Personal information
- Nationality: Austrian
- Born: 21 September 1924 Innsbruck, Tyrol, Austria
- Died: 27 June 1957 (aged 32) Chogolisa, Pakistan
- Occupation: Mountaineer
- Spouse: Eugenie Högerle (m. 1951)
- Children: 3, including Kriemhild Buhl

Climbing career
- First ascents: Nanga Parbat; Broad Peak;
- Known for: 1953 German–Austrian Nanga Parbat expedition

= Hermann Buhl =

Austrian mountaineer (1924–1957)

Hermann Buhl (21 September 1924 – 27 June 1957) was an Austrian mountaineer. His accomplishments include the first ascents of Nanga Parbat in 1953 and Broad Peak in 1957. He was one of the pioneers of the alpine style. Buhl was the father of Austrian–German writer, publisher, and freelance journalist, Kriemhild "Krimi" Buhl.

== Personal life ==
Buhl was born in Innsbruck, Austria. He was the youngest of four children. At the age of four, he was taken to an orphanage with his half-brother Siegfried after his mother Marianne, who came from South Tyrol, became mentally ill and was institutionalized. His father Wilhelm, unable to cope with raising four children alone, told them their mother had died. However, Marianne was later murdered by the Nazis at Mauthausen. He was later taken in by his aunt and uncle. In the 1930s, considered a weak and sensitive boy, he made his first climbing trips in the Tux Alps, the Wilder Kaiser, and the Karwendel. In 1939, he joined the youth group of the Innsbruck section, which belonged to the German Alpine Club (DAV) from 1938 to 1945. Later, together with his friend Kurt Diemberger, he was a member of the Bergland section of the DAV in Munich. With Luis Trenker's help, the section's founder, August Schuster, gave him a job in his sports shop.

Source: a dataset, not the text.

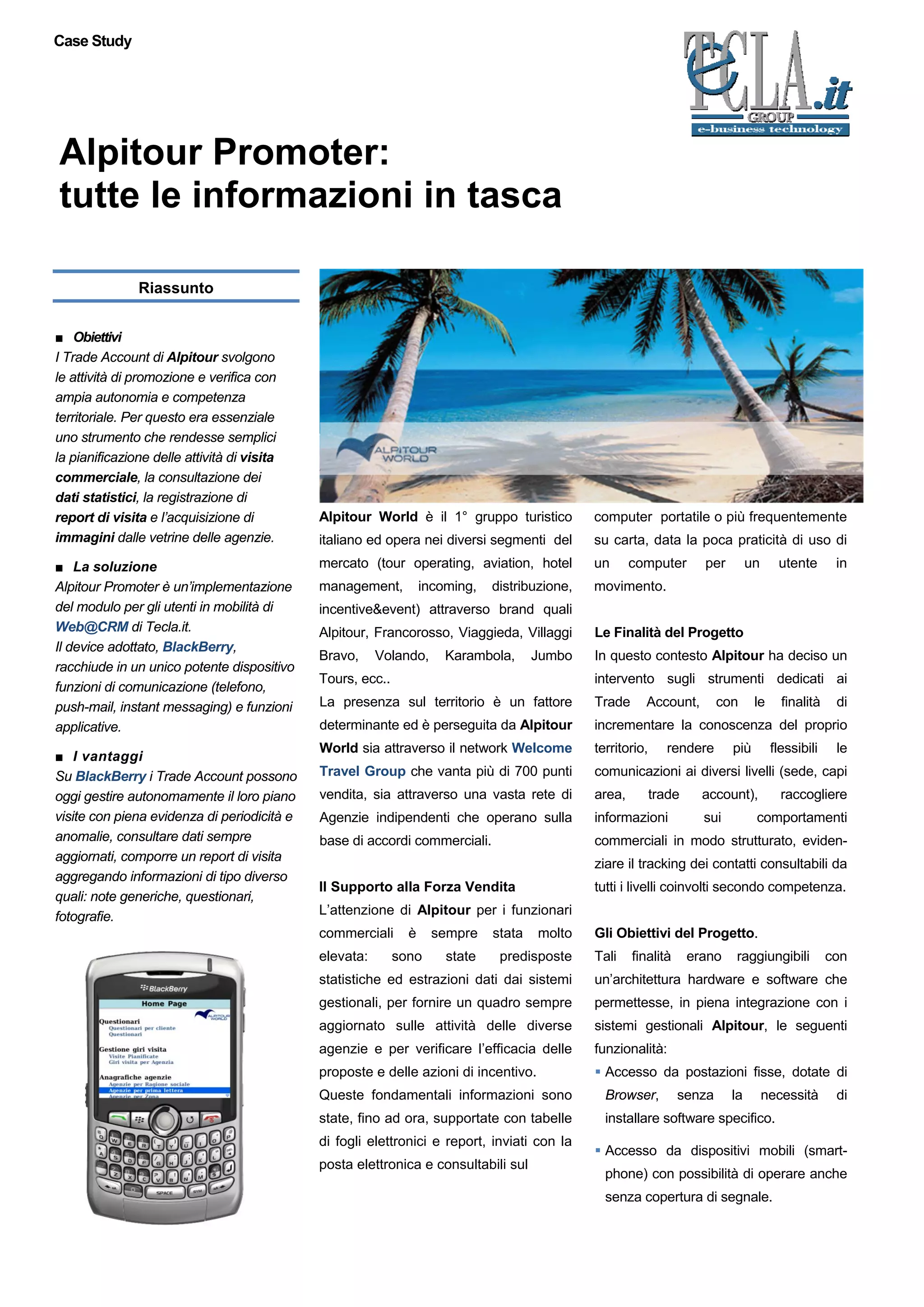 Il case study descrive l'implementazione di Alpitour Promoter, un sistema progettato per rendere più efficienti le attività di promozione e verifica dei trade account di Alpitour tramite dispositivi mobili BlackBerry. Le funzionalità includono raccolta di report di visita, accesso a dati statistici e gestione di comunicazioni, migliorando l'autonomia e la flessibilità degli utenti sul territorio. Il progetto ha permesso una integrazione con i sistemi gestionali di Alpitour e ha ottimizzato il processo di vendita e comunicazione tra sede e agenzie.
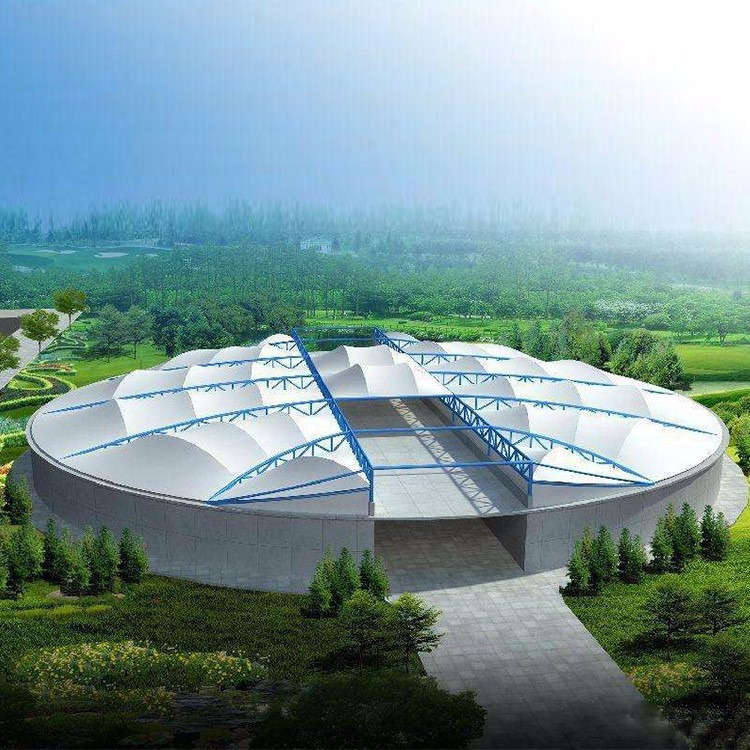 3.自洁性好,安装便捷。污水池反吊膜加盖封闭所用膜材表面具有防污涂层,表面不易沾染脏物及灰尘,仅靠雨水的冲刷即可长久保持洁净。安装非常便捷,减少了对场地的占用,尤其是旧池体封闭改造项目中可采取膜结构整体吊装,不影响池体内部的设备运转。

After finishing secondary school, Buhl began an apprenticeship as a forwarding agent. World War II interrupted his commercial training, and in 1943 he joined the Alpine troops as a mountain infantryman. Buhl participated in the Battle of Monte Cassino in Italy. In 1949 he was a founding member of the Innsbruck mountain rescue group.

In March 1951, Buhl married Eugenie ("Generl") Högerle (died 2025) from Ramsau near Berchtesgaden and in the same year became the father of Kriemhild Buhl, who would later become a writer. Two more daughters, Silvia and Ingrid, who died young, followed, and the family moved to his wife's hometown.

In 1957, Hermann Buhl was photographed with his wife and daughter in Vienna before departing for the Broad Peak expedition. Less is known about Buhl's other daughters. In her book Papa Lalalaya, Kriemhild Buhl recounts her father's fame after the Nanga Parbat ascent and its effect on the family; she and her two younger sisters saw little of their father in his later years, as his mountaineering career and public engagements frequently kept him away from home.

As a mountain guide he earned little, so to support his family he also worked as a salesman and equipment advisor at Sporthaus Schuster, a sportswear store in Munich.

== Alpinism ==
=== Nanga Parbat ===

Before his successful 1953 Nanga Parbat expedition, 31 people had died trying to make the first ascent.

The ascent of Nanga Parbat on 3 July 1953 is Buhl's best-known achievement. It took place as part of the Willy Merkl Memorial Expedition, organized and led by the Munich doctor Karl Herrligkoffer, with Peter Aschenbrenner serving as alpine adviser. A change in the weather after an initial monsoon helped Buhl's group. On 2 July they reached Camp V at 6900 m: Buhl, Walter Frauenberger, Hans Ertl, and Otto Kempter. Buhl and Kempter spent the night there, while the other two descended with the porters to Camp IV.

Buhl set off for the summit alone and without additional oxygen at around 02:30, finally reaching it with his last reserves of strength at around 19:00. As proof of his ascent, he left his ice axe and the Pakistani flag at the summit. Kempter, who had set off an hour later, was forced to turn back after a bout of weakness at an altitude of around 7400 m on the plateau at the Silbersattel. He returned to Camp V, where he waited with Frauenberger and Ertl, who had climbed back up, for Buhl to return.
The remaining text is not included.